A project timeline for public releases, runtime fixes, proof-facing changes,
validation notes, and user-visible migration details.
June 2026
CUDA, CROWN, and PINN Reliability
Native runtime, certificates, scientific ML
Runtime edges around CUDA are tighter, CROWN certificate statements are more concrete, and duplicated
PINN training infrastructure is gone.
Runtime checks
CUDA and CPU stubs now use shared checked size arithmetic for products,
byte counts, and additions at the Lean FFI boundary. Broadcast, reduce,
swap, gather/scatter, attention, convolution/pooling, tensor-copy, and
spectral-convolution paths reject impossible sizes before allocation or
kernel launch.
Proof surface
The graph CROWN certificate theorem now returns the enclosure for the
checked node. The IEEE32 version requires a no-self-dependency condition
on the evaluator trace, and the two-layer MLP CROWN code exposes the
affine forms used by boundAffineCrown.
PINNs
Python PINN trainers now share dataset loading, MLP construction,
expression evaluation, gradients, constant parsing, and export helpers
through scripts/verification/pinn/pinn_common.py.

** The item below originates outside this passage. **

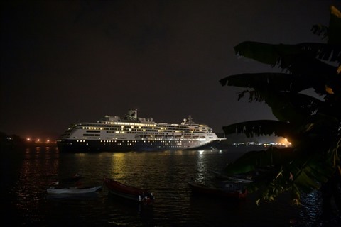 | Le paquebot Zaandam sur le canal de Panama le 29 mars. |

The focused API import now pulls in short TorchLean.* namespaces directly.
That means import NN.Entrypoint.API exposes TorchLean.nn,
TorchLean.optim, TorchLean.Trainer, TorchLean.Data, TorchLean.Loss, and
TorchLean.Metrics without requiring the broader NN umbrella import.
Validation
lake test
lake build NN.CI.All
lake lint -R -K cuda=true -K cuda_home=/usr/local/cuda-13.0
focused Lean checks for the CROWN MLP and graph CROWN certificate modules
PyTorch CUDA smoke tests for the PINN trainers on an A100 GPU
CUDA sanitizer reported zero memcheck/initcheck/synccheck errors and no
racecheck hazards on the exercised runtime suite.
June 2026
Lean 4.31 Migration
Toolchain alignment
TorchLean now builds with leanprover/lean4:v4.31.0, with the root
Lake manifest, Mathlib pin, documentation generator pin, Verso blueprint
toolchain, website metadata, README, and formalization metadata moved together.
The migration fixed proof-term breakages in differentiability and autograd
composition files where Lean 4.31 became stricter about composed functions and
eventual equality. The full repository build was rerun on 4.31.
May 2026
Repository Modularization and Comment Cleanup
Source organization
The public source tree is easier to read, easier to review, and easier to extend without changing
TorchLean's intended behavior.
Structure
Large proof and runtime files were split along conceptual boundaries.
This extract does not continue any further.